Ok so whatdya think? the tank probably won't be up and running with every single piece of listed equipment until about 3 months.


----------



## Dmaaaaax (Nov 20, 2008)

I would actually go with a canister filter if possible. In a planted 55g tank I think this would give you more options for media, circulation, and more filtration. Rena XP1 or 2 or a Fluval. I use a XP3 and a 305 in my 75g tank along with Hydor Korilia for even more circulation.

BTW look for peat, not peat moss. You can find a big bag of it at any hardware store, and you can just put a thin layer under your gravel. Then you can add more as needed to your filter.


----------



## petlover516 (Nov 12, 2008)

Dmaaaaax said:


> I would actually go with a canister filter if possible. In a planted 55g tank I think this would give you more options for media, circulation, and more filtration. Rena XP1 or 2 or a Fluval. I use a XP3 and a 305 in my 75g tank along with Hydor Korilia for even more circulation.

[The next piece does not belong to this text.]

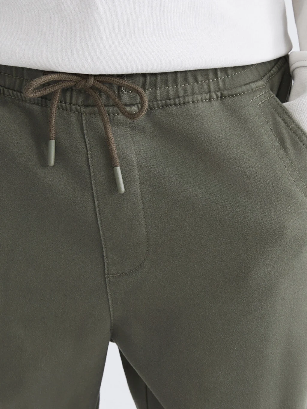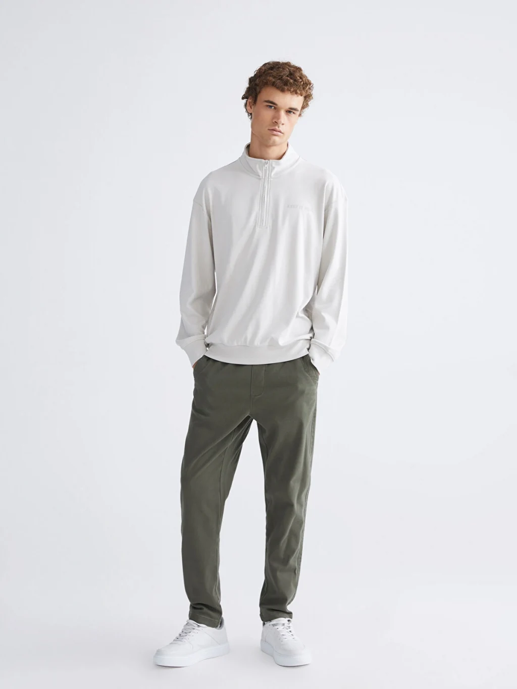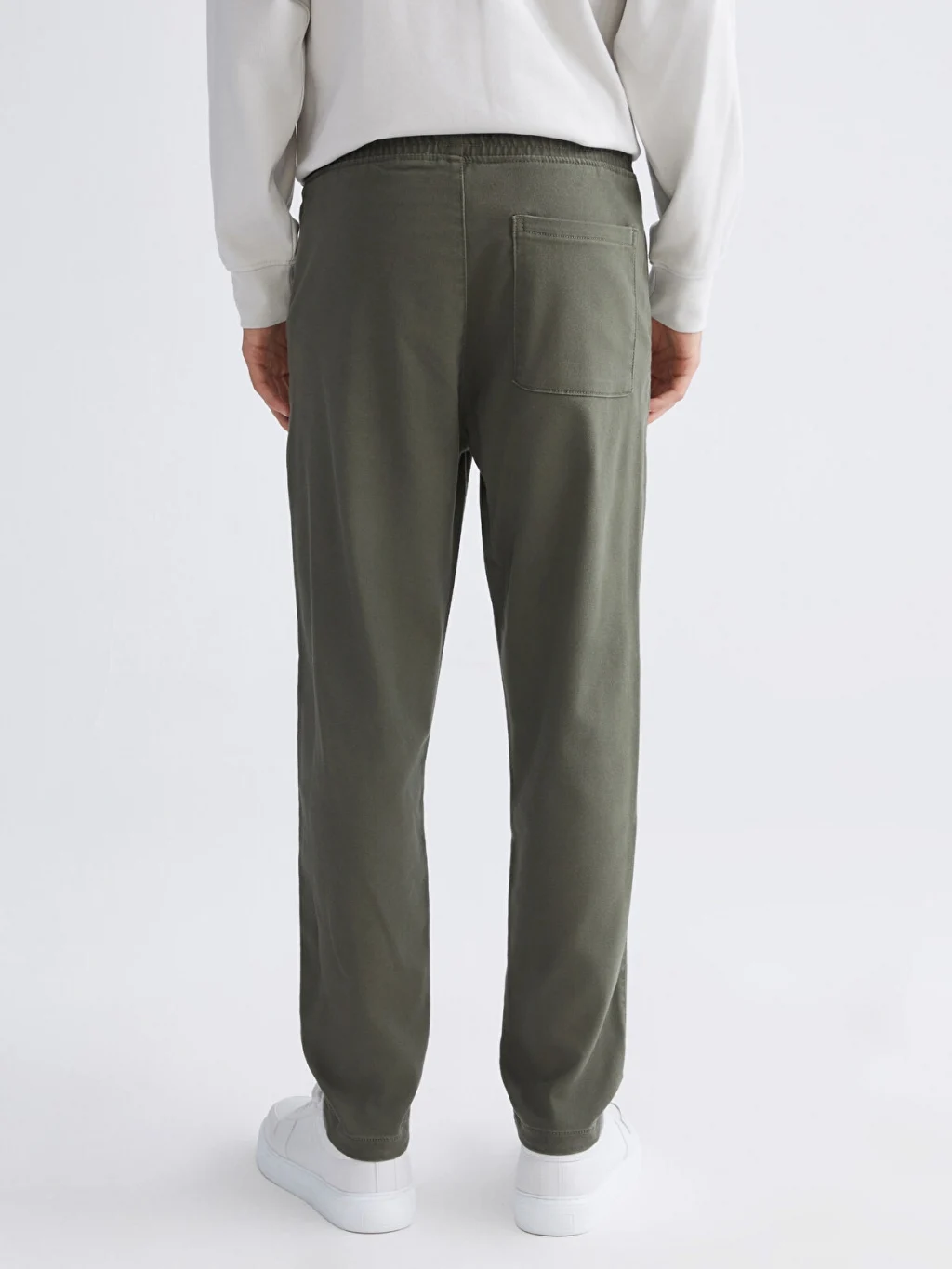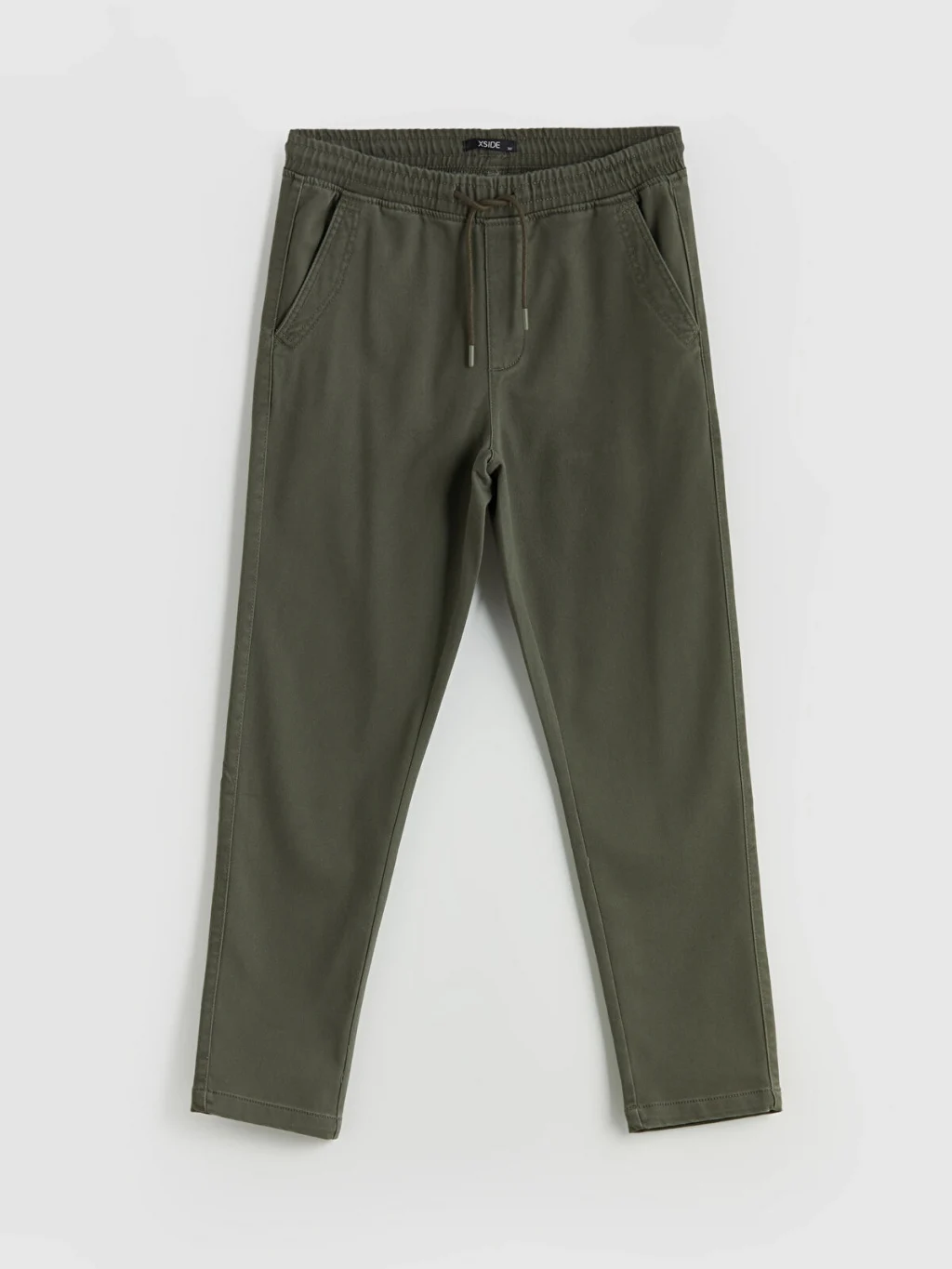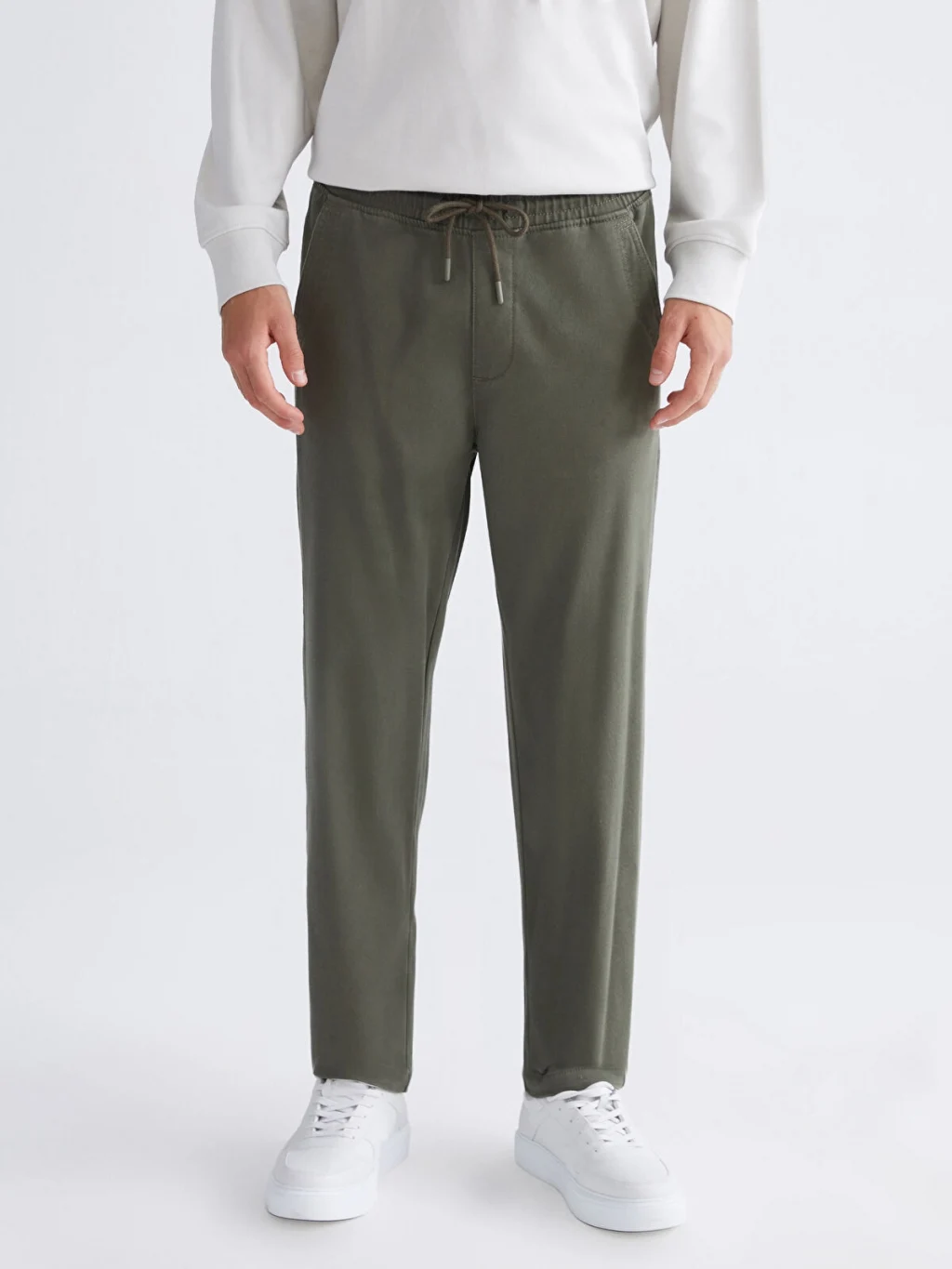 Dar kalıp erkek pantolon, beli lastikli ve ayarlanabilir bağcıklıdır. Yan cepleri ve düz paçaları bulunur.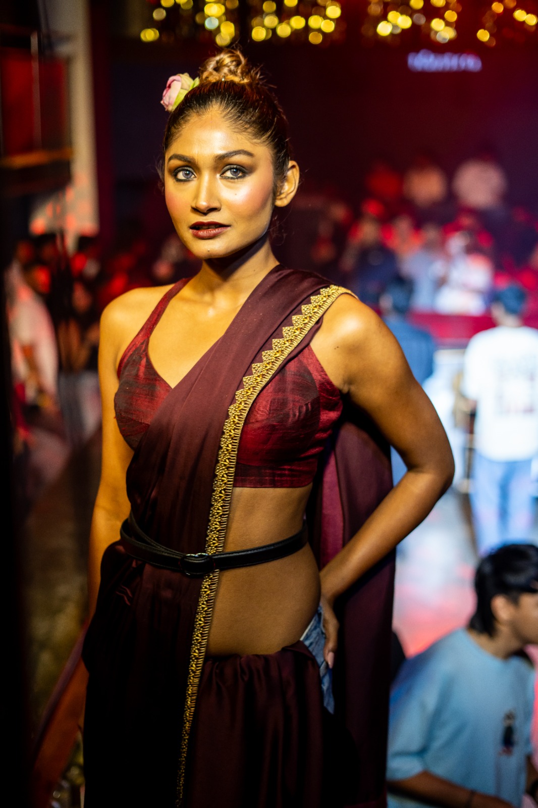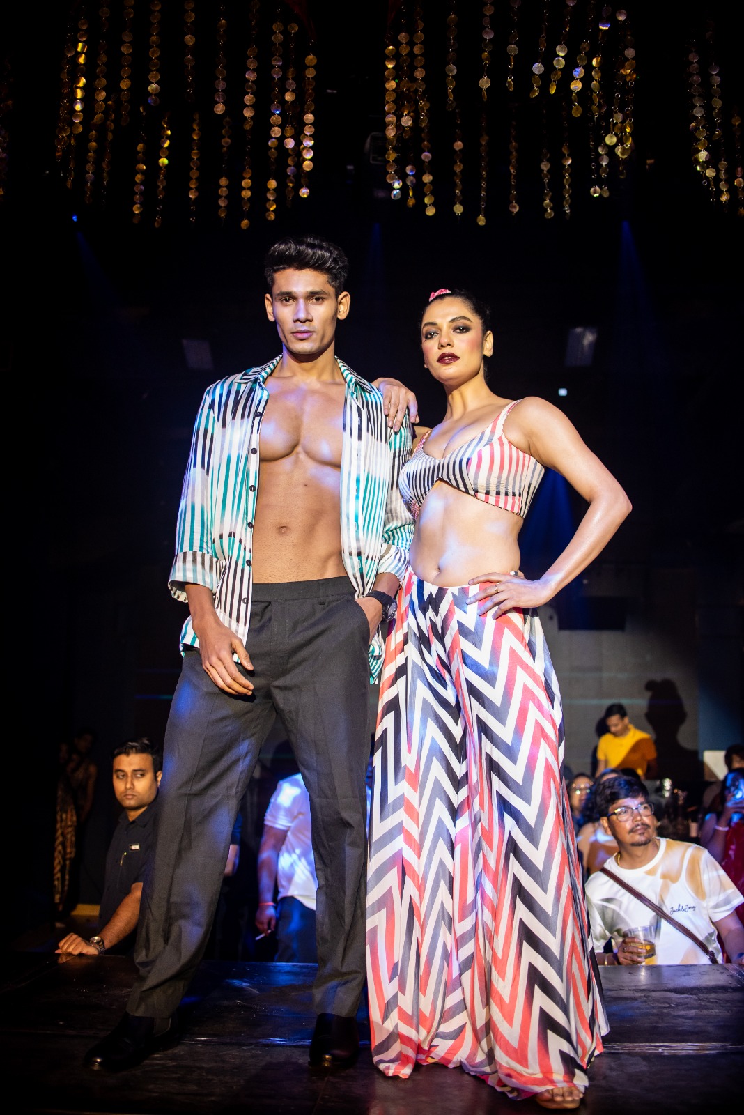 The evening featured an exclusive showcase by designer Debarun, whose collection seamlessly blended Bengali heritage with modern, edgy silhouettes, creating a visually captivating narrative on the runway. The designs reflected a perfect balance of tradition and sensuality, resonating strongly with the audience.

i would, but im kinda low on budget...thats why im using *110*, not *70*(reccomened size for 55). 



Dmaaaaax said:


> BTW look for peat, not peat moss. You can find a big bag of it at any hardware store, and you can just put a thin layer under your gravel. Then you can add more as needed to your filter.


yeah thats what i meant...Fluval Peat Granules is most likely what i will use.


----------